A Máximo Agustín In memoriam
CONSOLATIO AMICITIAE 21.Retablo impreciso
A Máximo Agustín In memoriam
Amigo Máximo: Yo mismo dudo del sentido y del destino de esta Consolatio, cuya única pista de vuelo está cimentada en un recuerdo tan lejano cono difuso.
A pesar de los estragos del tiempo, este recuerdo diluido, pero siempre latente, surgió con luz brillante cuando hace unos meses recibí información sobre la celebración del sexagésimo aniversario sacerdotal de un grupo de PP. Paúles, en cuya lista aparecía el sacerdote Máximo Agustín. Este nombre resonó con fuerza en mi memoria y surgió en mí el deseo fervoroso de acudir a la Basílica de la Milagrosa el día 9 de septiembre del 2011. Consideré que se me ofrecía una ocasión y un envite para saludarte y abrazarte después de haber vivido 36 años sin vernos.

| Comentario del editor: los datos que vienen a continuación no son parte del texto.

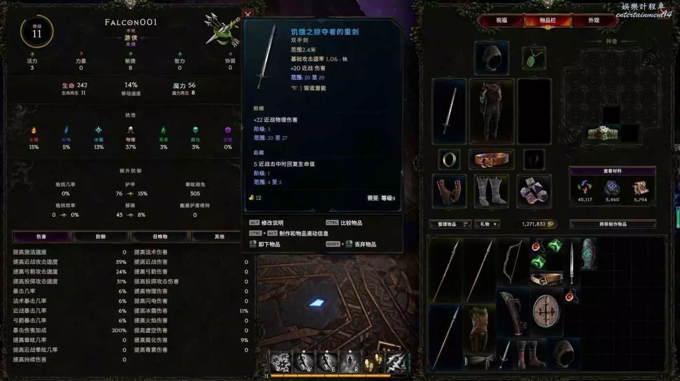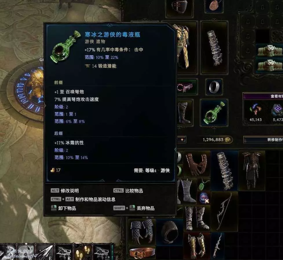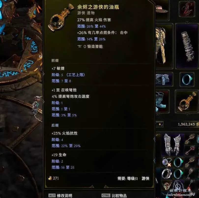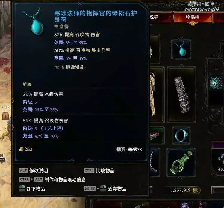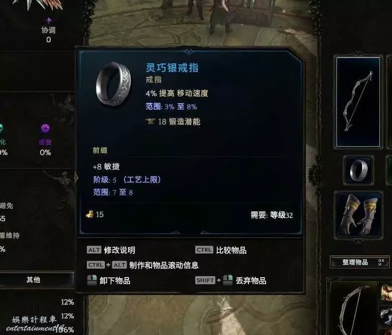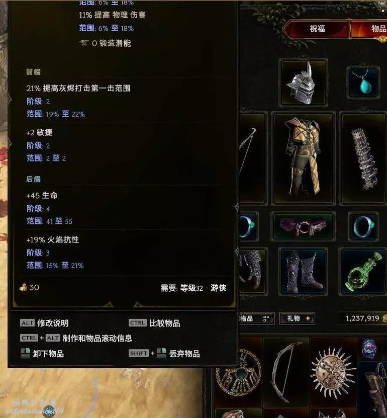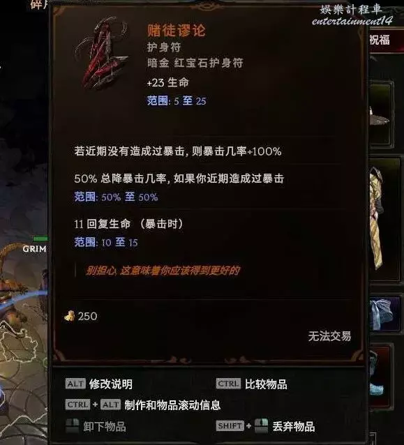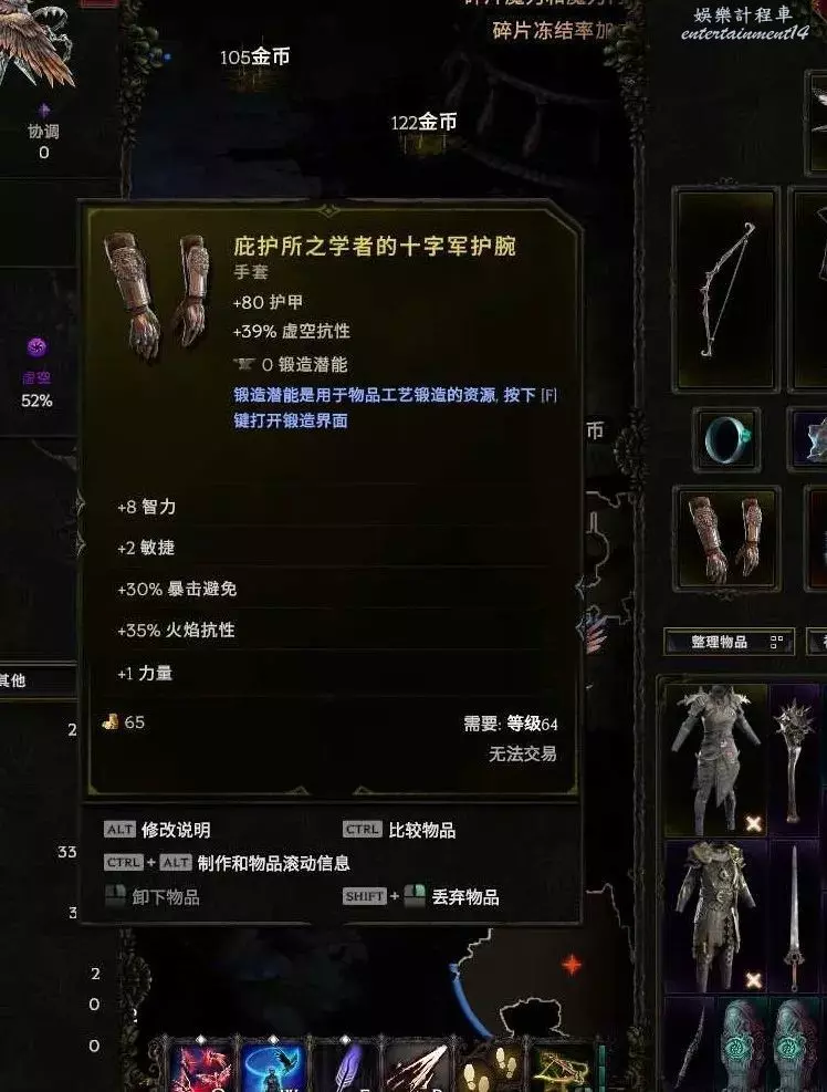 裝備很隨意 只是稍微弄了下攻擊詞綴 抗性 血量沒管 按F鍛造可以增加裝備屬性
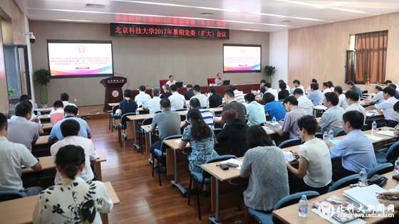 9月7日,我校召开2017年暑期党委(扩大)会议,专题学习传达习近平总书记在省部级干部研修班上的重要讲话精神、习近平总书记给第三届中国“互联网+”大学生创新创业大赛“青年红色筑梦之旅”大学生的回信,以及北京市第十二次党代会精神,研讨学校迎接北京高校《党建和思想政治工作基本标准》入校检查工作和人才工作。会议分别由党委书记武贵龙、校长张欣欣主持,全体校领导、党委委员、各二级单位(党委)负责人参加会议。
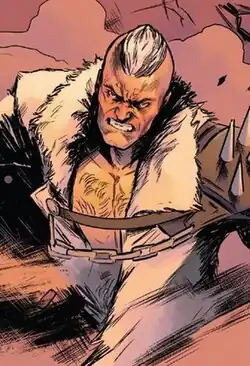 Mahkizmo is the ruler of Earth-74101 in the 23rd century, where men enslaved women. His timeline is the thematic opposite of Thundra's universe, where the women subjugated the men. The two come into conflict when Thundra travels to the 20th century of Earth-616 to change the past and prevent Machus from existing. Mahkizmo sentenced Thundra and the Fantastic Four to gladiatorial combat before being killed in an energy explosion when Thundra and the Thing punch him at the same time.[2] This also merges his and Thundra's universes of Machus and Femizonia.
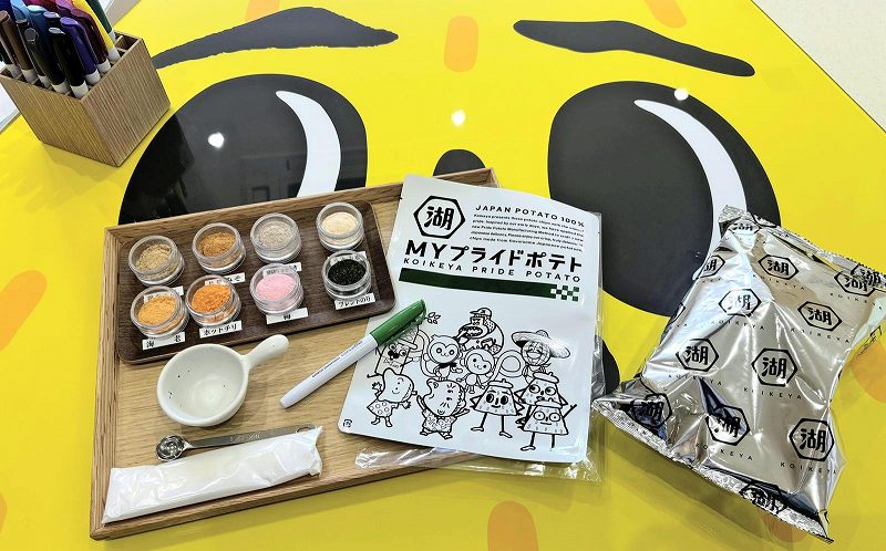 At the Koikeya Gogo! Factory, visitors can try making potato chips in their own style by mixing flavors, with eight options to choose from, including some tastes unique to Gifu Prefecture, like keichan — a dish made with chicken and vegetables cooked with a special sauce — and Hoba miso paste. They can also design packaging for their new snacks.

Tras la concelebración eucarística que rubricó el glorioso sexagésimo aniversario, tuve la satisfacción de conversar contigo bajo el afecto de lo imprevisto y con la emoción de lo improvisado. Apareciste endeble y quebradizo como un carrizo que el viento zarandea junto a la orilla del vivir que anunciaba su fin. No en vano, al abrazarte me sugeriste: No me aprietes mucho, que me rompes.
Dos meses antes, habíamos hablado por teléfono de tu traducción del Portrait de M. Pouget. Tú también habías pensado en mí: He traído, en un pen drive, varias otras traducciones que quisiera ofrecerte. Lo tengo en el aposento. Tú sabes que me hubiera alegrado inmensamente recibir esas traducciones, pero alguien con decisión autoritaria te conminó a reintegrarte a la comunidad y, entonces, ambos, tú y yo, nos despedimos con premura. Ya nada supe de ti hasta el día 2 de junio, anuncio de tu fallecimiento.
En el verano de 1962, nos encontramos, por primera vez, en el colegio de Baracaldo. Tú y el resto de profesores, procedentes del chamizo junto a Altos Hornos, habíais inaugurado este nuevo colegio uno o dos años antes.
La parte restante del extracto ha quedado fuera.